Do you like salt herring? Salting the herring was invented in the Middle Ages as a solution to the problem of how to get herring to shore and to customers before it disintegrates from bacterial attack. Salt, on the whole, is inimical to bacterial proliferation. We have some trouble with salt ourselves: we cannot use seawater as drinking water. Drinking too much of it makes us very sick. Since our fish-like ancestors left the sea some time ago (400 million years or so) we have lost the ability to deal with so much unwanted salt - our kidneys cannot handle it. Marine organisms, of course, do just fine. But what about salt brine? Is it entirely inaccessible to living things? Well, no. There are brine shrimp and there are brine beetles populating the brine pools in the deserts of California. They do not seem to mind. But is there life in really concentrated brines? What about the Dead Sea? Yes, even so and despite its name. There is a class of microbes called "halophiles" (salt lovers) that can easily tolerate high salt density. In fact, because every one else is kept out of the habitat, they have the place to themselves and thrive.

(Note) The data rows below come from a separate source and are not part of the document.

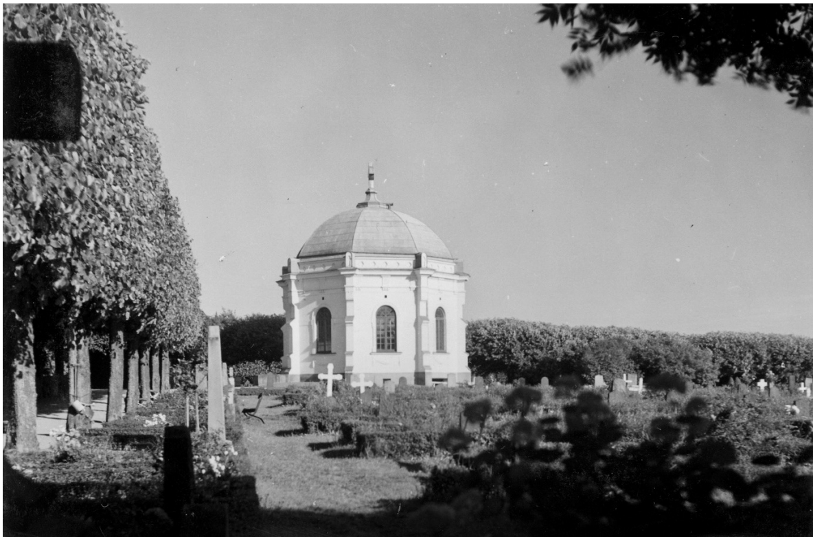
Begravningskapellet 1939.
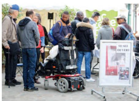
◀ La Bibliothèque Saint-Corneille s'associe à l'opération "J'accède 2017" aux côtés de la Caravane de l'accessibilité.

34 exposants présentent leurs créations et leur savoir-faire lors du Salon des métiers d'art et du patrimoine aux salles Saint-Nicolas.
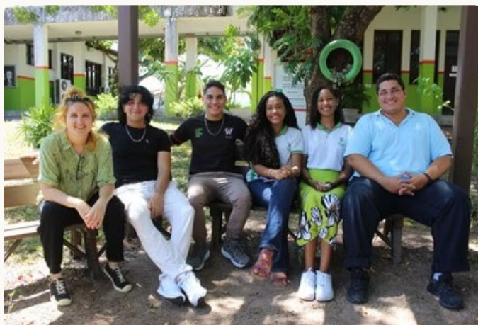
-Núcleo Marechal Deodoro
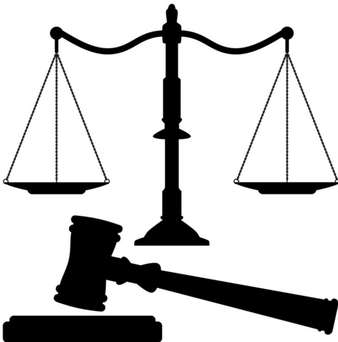
Imagem pública anônima

Nestes dias alguns jornalistas e membros das redes sociais manifestaram suas intenções favoráveis a uma intervenção das Forças Armadas para "endireitar" o Brasil.

Liquid water has some other ingredients, some of them potentially a lot more nasty than salt. Even so, some living organisms make a specialty out of coping with such (for us) unpleasant environments. Take sulfurous brines, or highly acidic or alkaline environments. Almost invariably, given an energy source, there is some archean life form growing in this stuff. One organism has been found thriving in the tanks of nuclear reactors! Thermococcus radiodurans can take a dose of radiation 10,000 times greater than that which is lethal to other organisms. How does it manage? How did it ever evolve the ability to do so when that level of radiation does not exist in nature? Perhaps it has learned, earlier, how to cope with some other disruptive process and has transferred these skills to coping with the effects from radiation.

The lesson from this survey of life's environment is simple. If there is a place not taken, where a living can be made, Life will find a way to grasp the opportunity. However, it is doubtful that Life could originate under the conditions which it can tolerate or conquer once it exists. Presumably, conditions for the origin of life are much more restrictive than the conditions acceptable for the expansion of life.